The term “obscene performance” has been statutorily defined to be:
(b) ‘Performance’ means any play, motion picture, dance, or other exhibition or presentation, whether pictured, animated,*1093 or live, performed before an audience of one (1) or more persons.
(c) A matter or performance is ‘obscene’ if: ‘
(1) The average person, applying contemporary community standards, finds the dominant theme of the matter or performance, taken as a whole, appeals to the prurient interest in sex;
(2) The matter or performance depicts or describes, in a patently offensive way, sexual conduct; and
(3) The matter or performance, taken as a whole, lacks serious literary, artistic, political, or scientific value.
IC 35-30-10.1-l(b) and (c).
There was testimony at trial by police officers which gave descriptions of each of the five films exhibited to the public by the defendant.

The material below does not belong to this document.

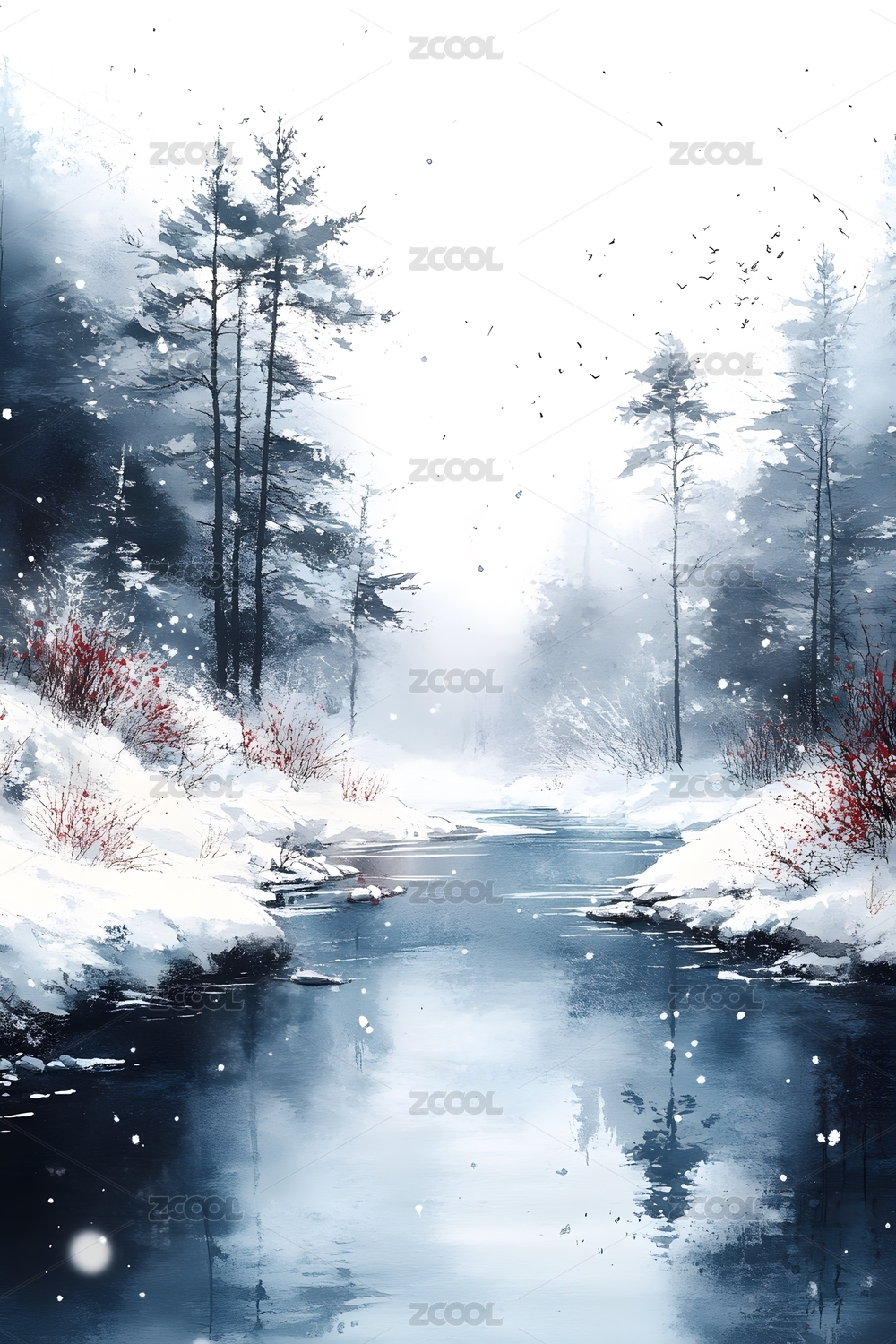 中国风冬天雪花高山风景水墨插画

In insufficiency claims, we will consider that evidence which is most favorable to the State, together with all logical and reasonable inferences to be drawn therefrom, and determine whether there has been substantial evidence of probative value sufficient to establish every material element of the crime charged regarding a reasonable doubt. Inman v. State, (1979) Ind., 393 N.E.2d 767; Walters v. State, (1979) Ind., 394 N.E.2d 154. We have already set out the statutory criteria that defines obscenity. Under our standard of review, we are of the opinion that the trier of fact had ample evidence to find that the films, taken as a whole, clearly appealed to a prurient interest in sex as their dominant themes and that the films lacked serious literary, artistic, political or scientific value. We therefore find no error as to this issue.
Judgment affirmed.
. IC 35-1-17-6 provides in relevant part:
The corporation, on or before the return day of a summons duly served, may appear by one of its officers, or by counsel, and answer to the indictment or information by motion or plea, and, upon its failure to make such appearance and answer, the clerk shall enter a plea of “not guilty”; and, upon such appearance being made or plea entered, the corporation shall be deemed thenceforth continuously present in court until the case is finally disposed of.
. The titles of the films were “Sodom and Gomorrah” (purporting to show sexual mores of biblical tribes); “Autobiography of a Flea” (a period piece set in the 18th or 19th century); “Opening of Misty Beethoven” (the “Pygmalion” of sexual prowess); “Teenage Cheerleaders” (described as containing almost no plot); and “Erotic Adventures of Candy” (dramatization of sexual dreams of a female).